**TASK INSTRUCTIONS**.
Keep the wording of every entry intact in your copy, and omit the pictures.

(Dataset entries)

########################################

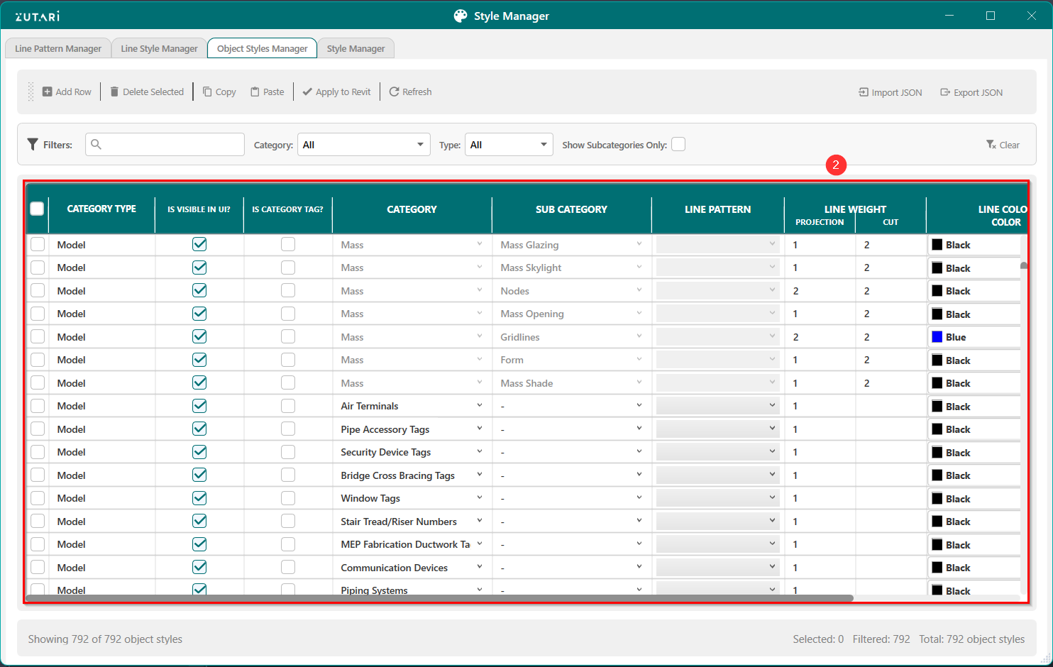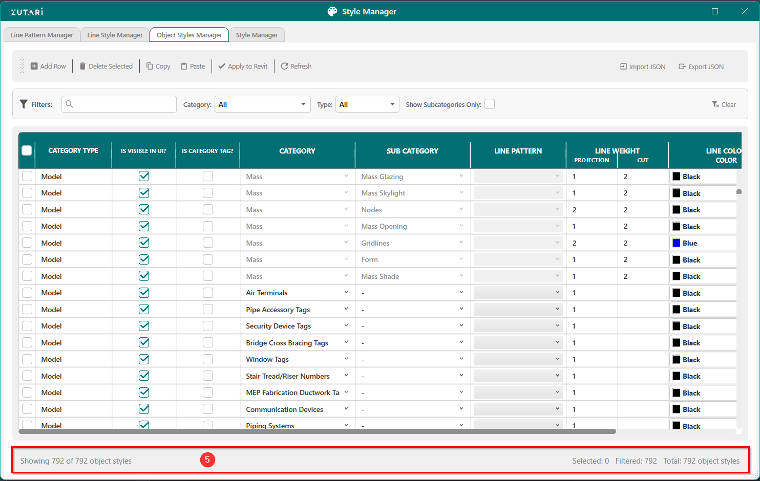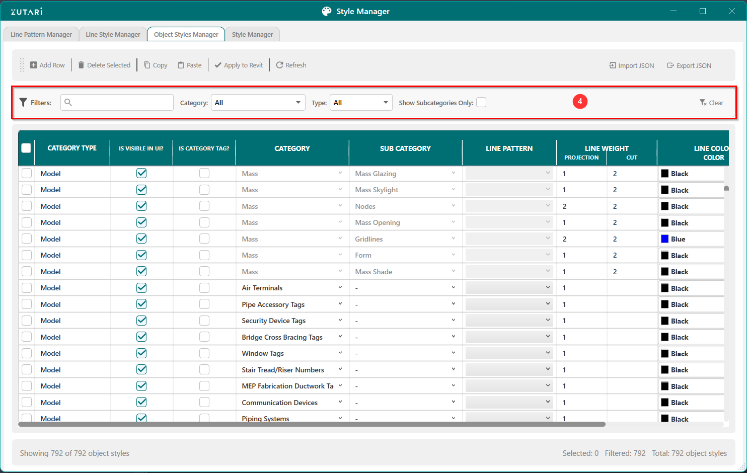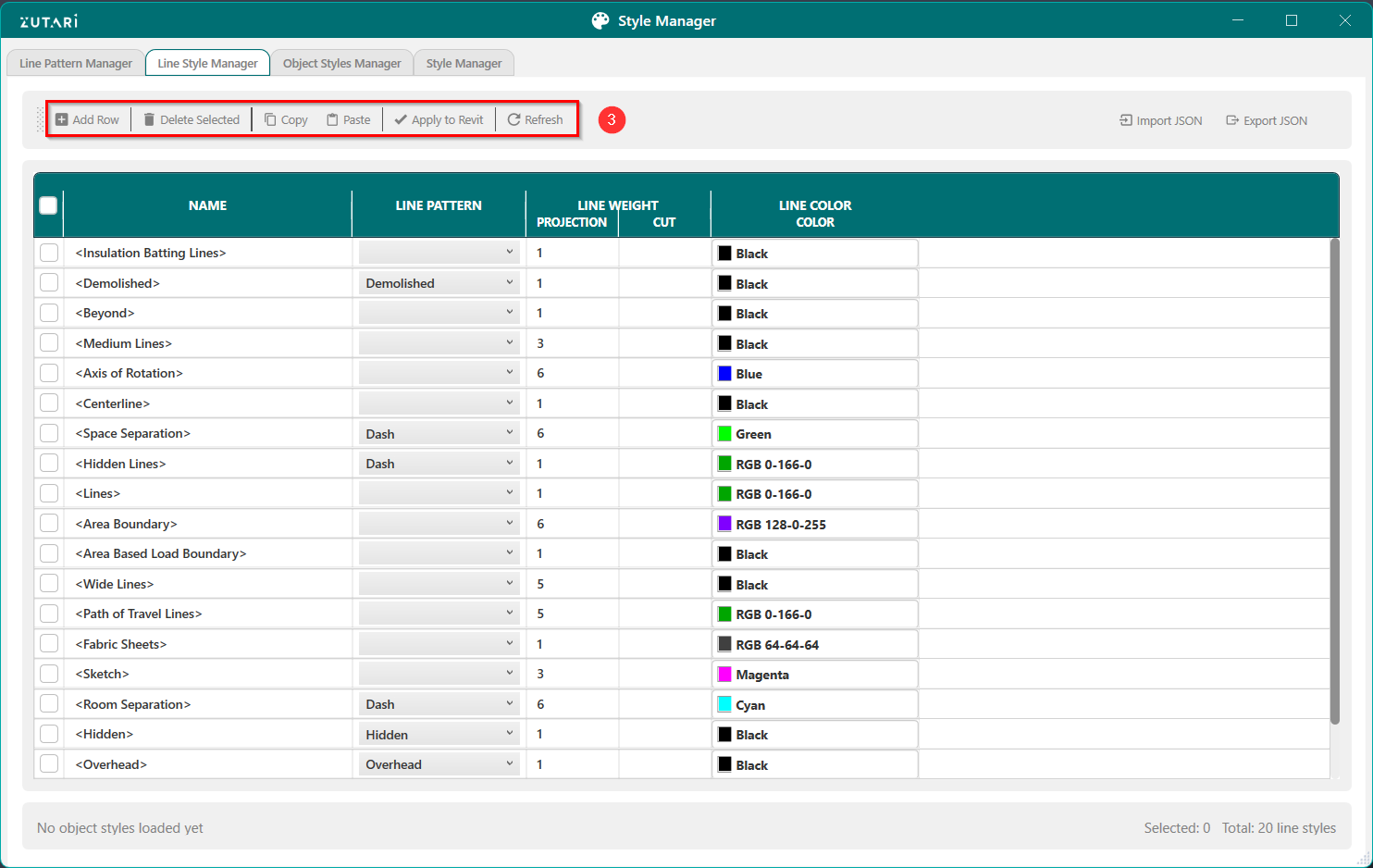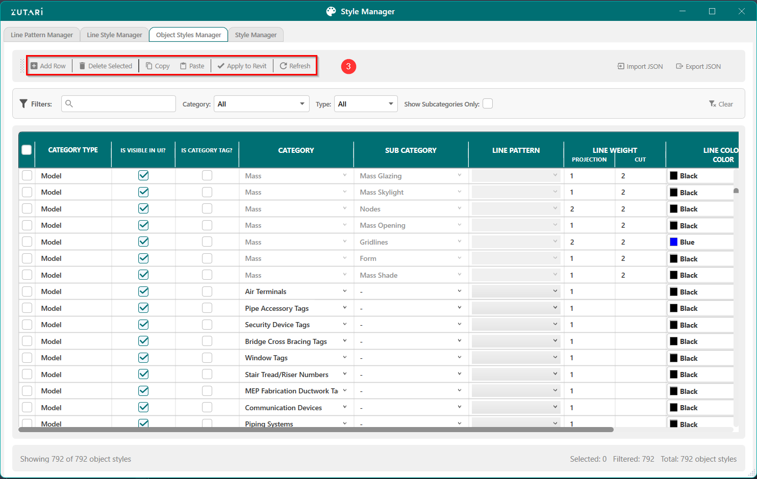 - Create, update, and modify object styles and apply changes in Revit. The buttons in the left of the Toolbar in figure 3.3 below allows us to create new object styles, update object styles and copy existing object styles to later apply the changes to Revit.
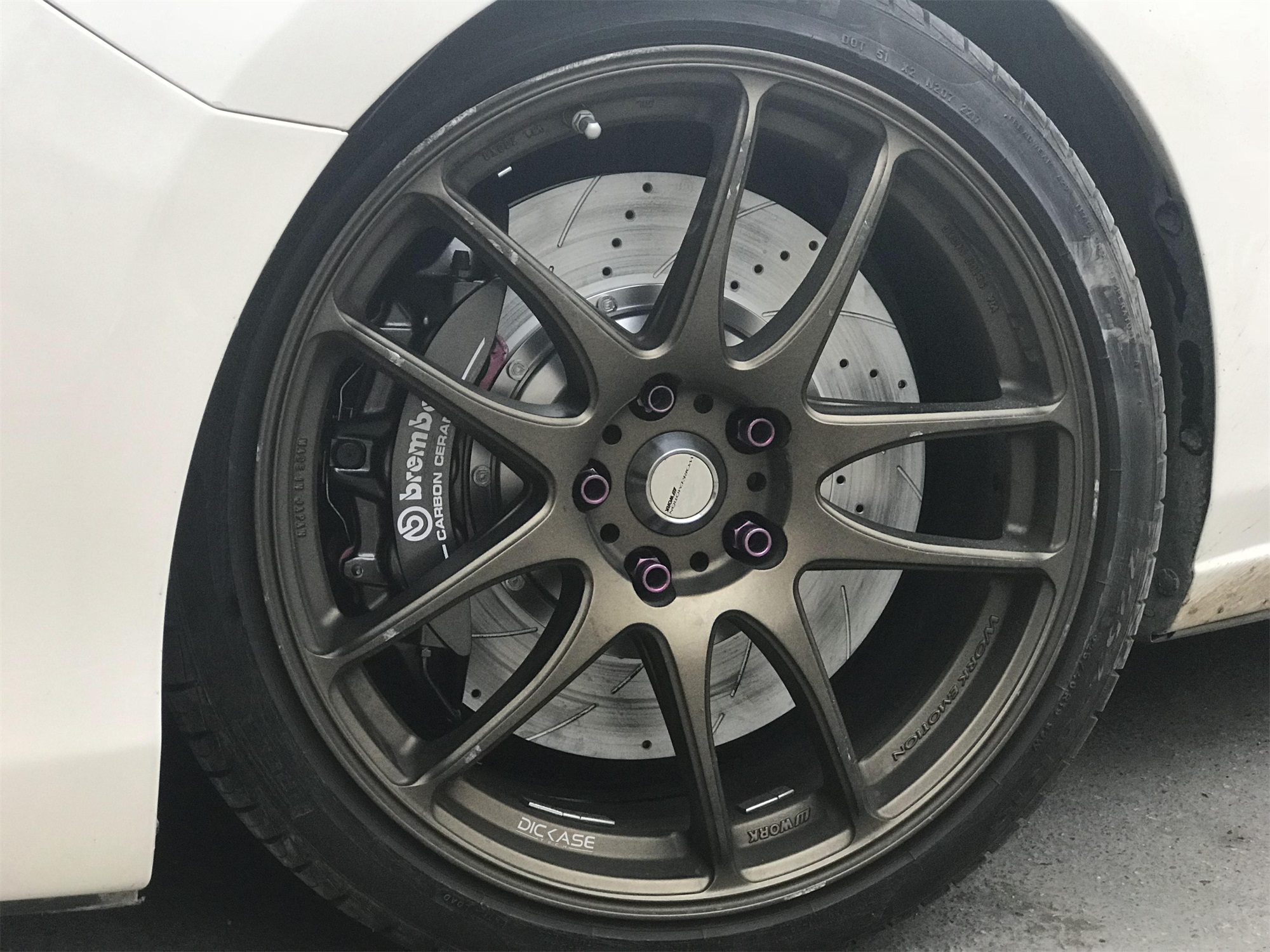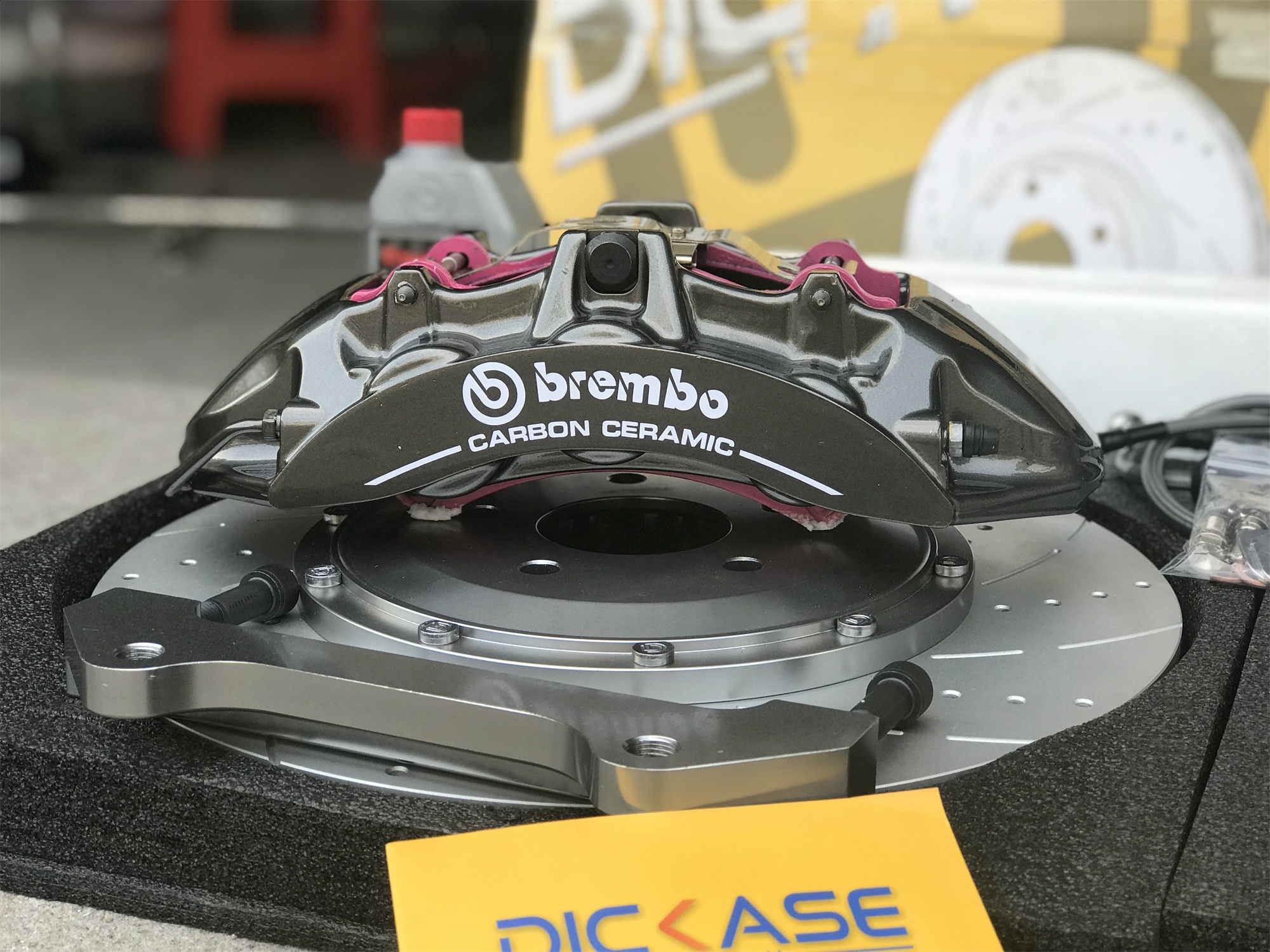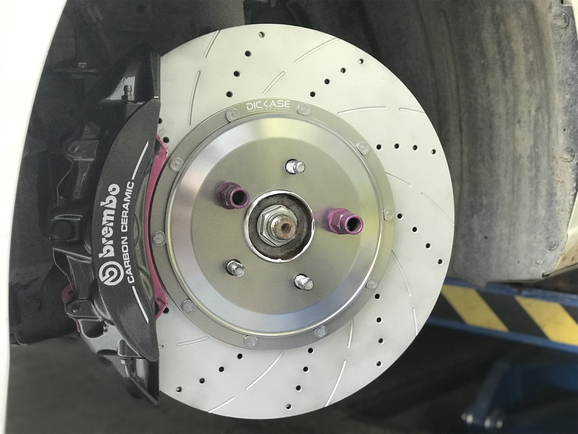 馬自達阿特茲改裝升級brembo V6六活塞搭配DICASE380*34 mm孔線碟DICASE套裝。
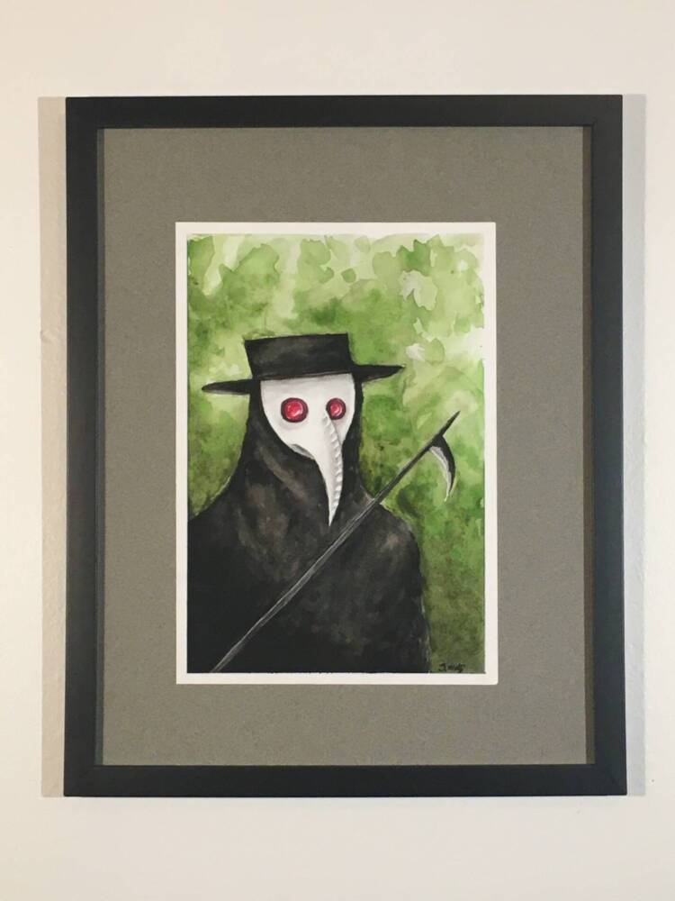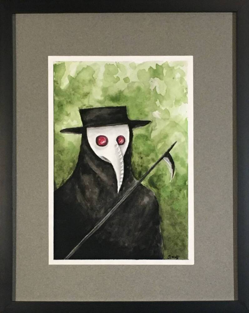With a cloud of green gas covering the background. With red eyes shining from the plague mask.
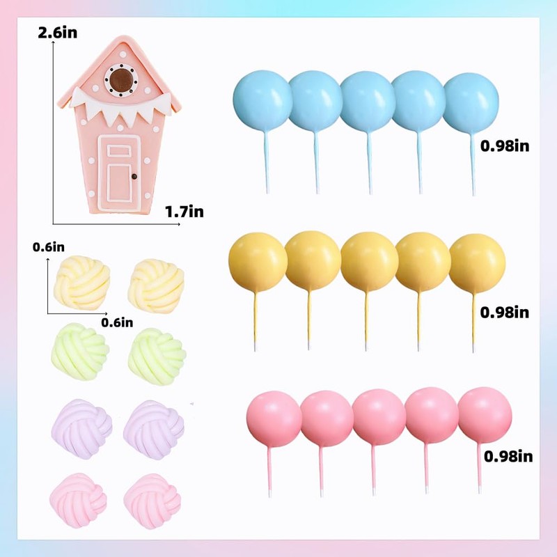 - El paquete incluye: El paquete contiene 36 suministros de decoración de tartas de gato, 6 adornos de tartas de gato, 6 huellas de gato, 8 adornos de bolas de lana, 1 adorno para tartas de casa de gato, 15 adornos para tartas de bolas, tamaño del producto como se muestra en la imagen.
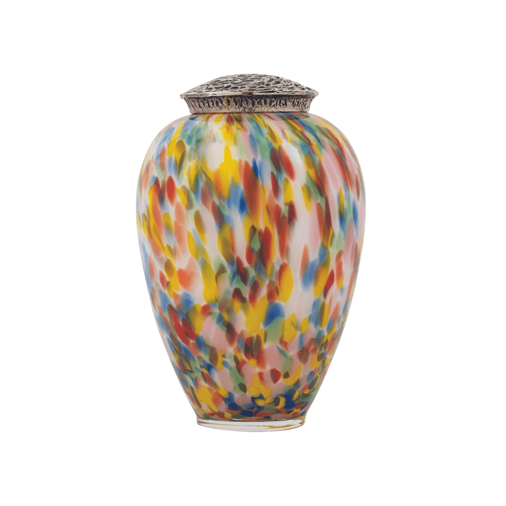The Premium Rainbow Hand Blown Glass Ashes Urn is a vibrant and unique memorial, masterfully crafted by highly skilled artisans. This urn is mouth-blown, creating a seamless, hollow piece of glass that is both strong and tactile. Each urn is infused with bright, beautiful colours that form a unique pattern, making every piece truly one-of-a-kind.
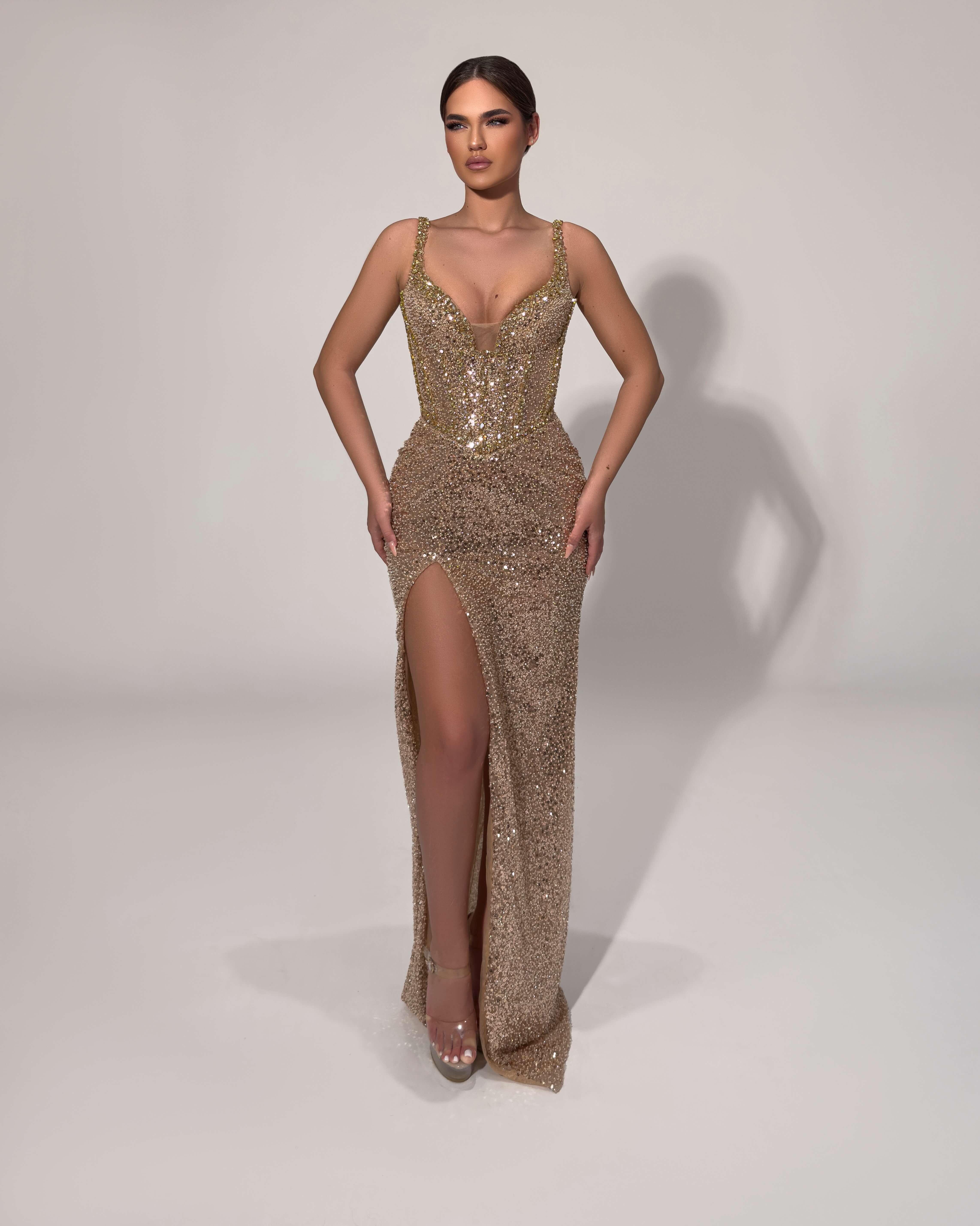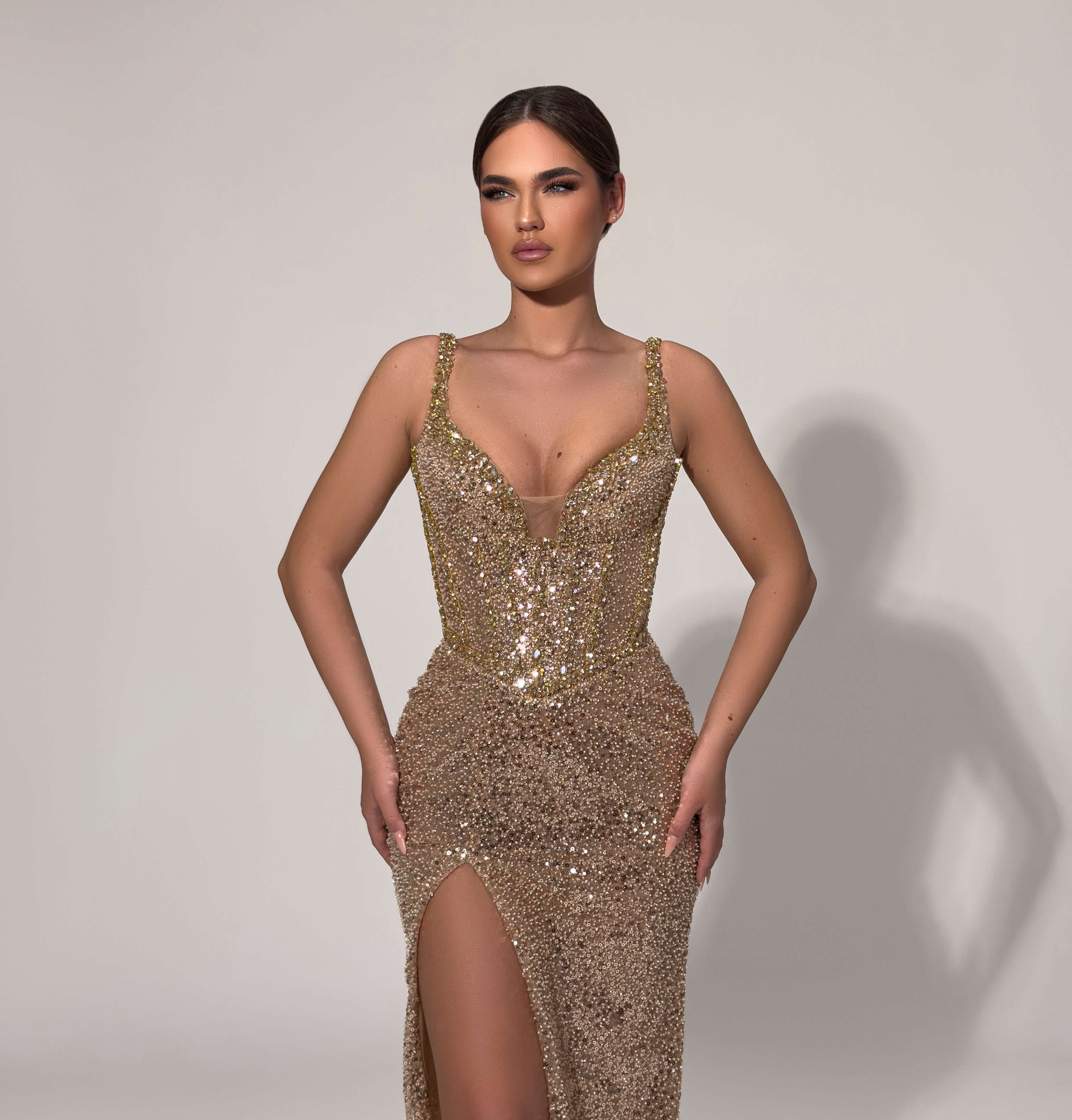 This sparkling gold gown features a deep neckline with a structured bodice and a high slit for a touch of glamour. Fully adorned with sequins, it catches the light beautifully at every angle.

########################################

**SOLUTION**.
 - Create, update, and modify object styles and apply changes in Revit. The buttons in the left of the Toolbar in figure 3.3 below allows us to create new object styles, update object styles and copy existing object styles to later apply the changes to Revit.
 馬自達阿特茲改裝升級brembo V6六活塞搭配DICASE380*34 mm孔線碟DICASE套裝。
With a cloud of green gas covering the background. With red eyes shining from the plague mask.
 - El paquete incluye: El paquete contiene 36 suministros de decoración de tartas de gato, 6 adornos de tartas de gato, 6 huellas de gato, 8 adornos de bolas de lana, 1 adorno para tartas de casa de gato, 15 adornos para tartas de bolas, tamaño del producto como se muestra en la imagen.
The Premium Rainbow Hand Blown Glass Ashes Urn is a vibrant and unique memorial, masterfully crafted by highly skilled artisans. This urn is mouth-blown, creating a seamless, hollow piece of glass that is both strong and tactile. Each urn is infused with bright, beautiful colours that form a unique pattern, making every piece truly one-of-a-kind.
 This sparkling gold gown features a deep neckline with a structured bodice and a high slit for a touch of glamour. Fully adorned with sequins, it catches the light beautifully at every angle.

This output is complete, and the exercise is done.